Task>
What should be copied is the stretch of entries below from the line with "Елке, и аз се" up to and including the line with "This wood picture", exactly and without images.

Task data>
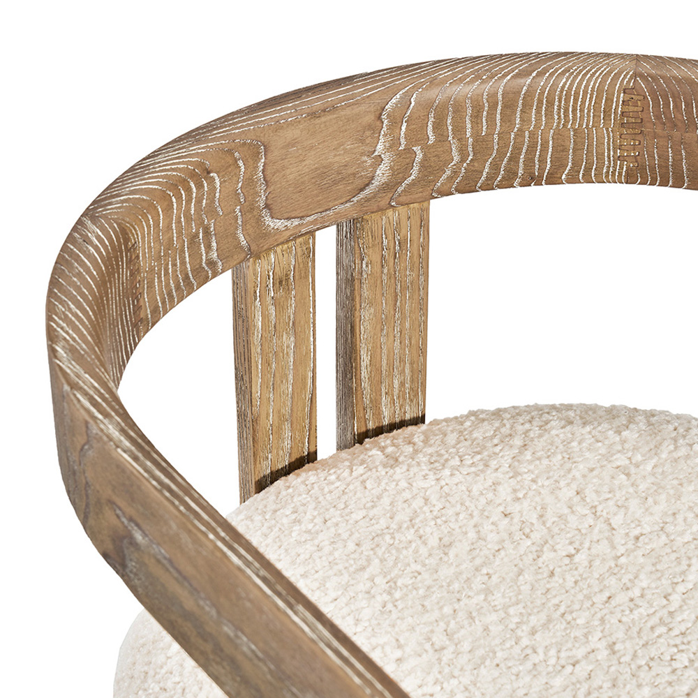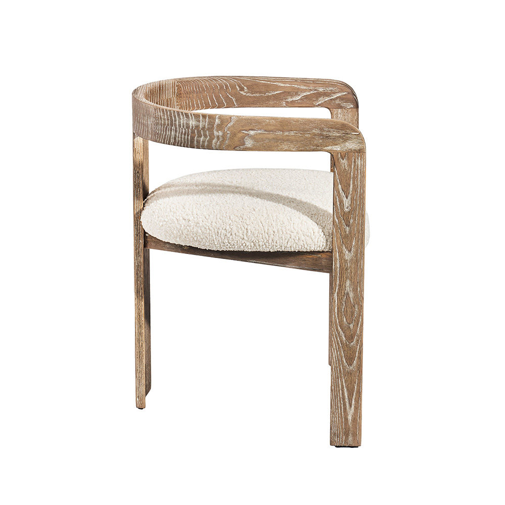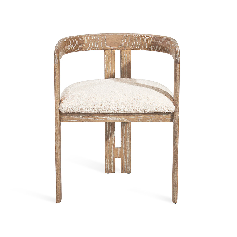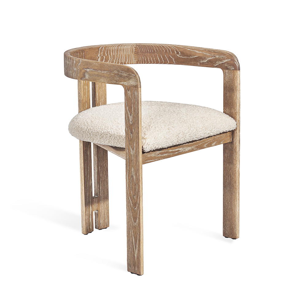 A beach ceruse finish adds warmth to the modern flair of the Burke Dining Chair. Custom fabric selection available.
--
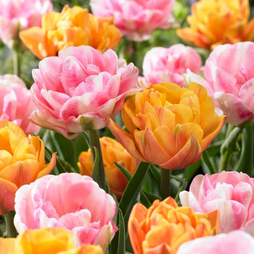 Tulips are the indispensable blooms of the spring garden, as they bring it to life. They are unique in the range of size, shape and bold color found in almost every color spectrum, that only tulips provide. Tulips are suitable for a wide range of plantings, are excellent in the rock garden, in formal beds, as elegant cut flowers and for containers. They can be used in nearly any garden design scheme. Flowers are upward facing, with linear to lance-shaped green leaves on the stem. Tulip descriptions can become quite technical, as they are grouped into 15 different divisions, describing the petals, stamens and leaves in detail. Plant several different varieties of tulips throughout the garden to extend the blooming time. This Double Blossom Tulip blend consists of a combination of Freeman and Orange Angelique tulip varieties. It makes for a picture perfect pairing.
* * *
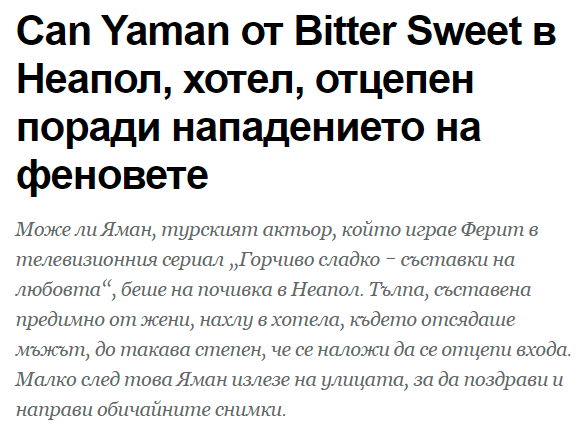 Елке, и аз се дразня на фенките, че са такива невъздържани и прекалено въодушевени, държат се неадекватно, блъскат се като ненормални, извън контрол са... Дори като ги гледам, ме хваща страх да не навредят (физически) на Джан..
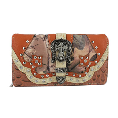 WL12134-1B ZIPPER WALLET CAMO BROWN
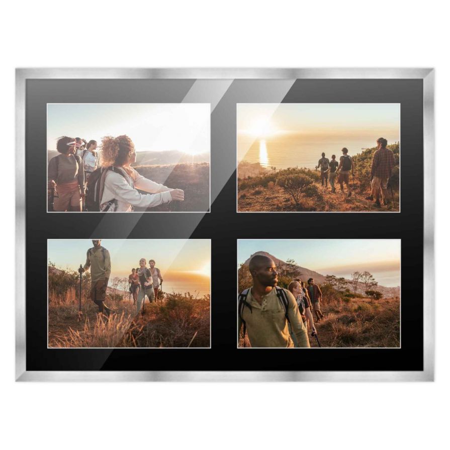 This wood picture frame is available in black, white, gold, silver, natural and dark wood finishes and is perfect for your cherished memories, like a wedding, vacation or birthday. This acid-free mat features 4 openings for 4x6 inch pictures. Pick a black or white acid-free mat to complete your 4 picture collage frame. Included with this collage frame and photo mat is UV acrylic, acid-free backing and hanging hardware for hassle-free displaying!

Solution for this problem>
 Елке, и аз се дразня на фенките, че са такива невъздържани и прекалено въодушевени, държат се неадекватно, блъскат се като ненормални, извън контрол са... Дори като ги гледам, ме хваща страх да не навредят (физически) на Джан..
 WL12134-1B ZIPPER WALLET CAMO BROWN
 This wood picture frame is available in black, white, gold, silver, natural and dark wood finishes and is perfect for your cherished memories, like a wedding, vacation or birthday. This acid-free mat features 4 openings for 4x6 inch pictures. Pick a black or white acid-free mat to complete your 4 picture collage frame. Included with this collage frame and photo mat is UV acrylic, acid-free backing and hanging hardware for hassle-free displaying!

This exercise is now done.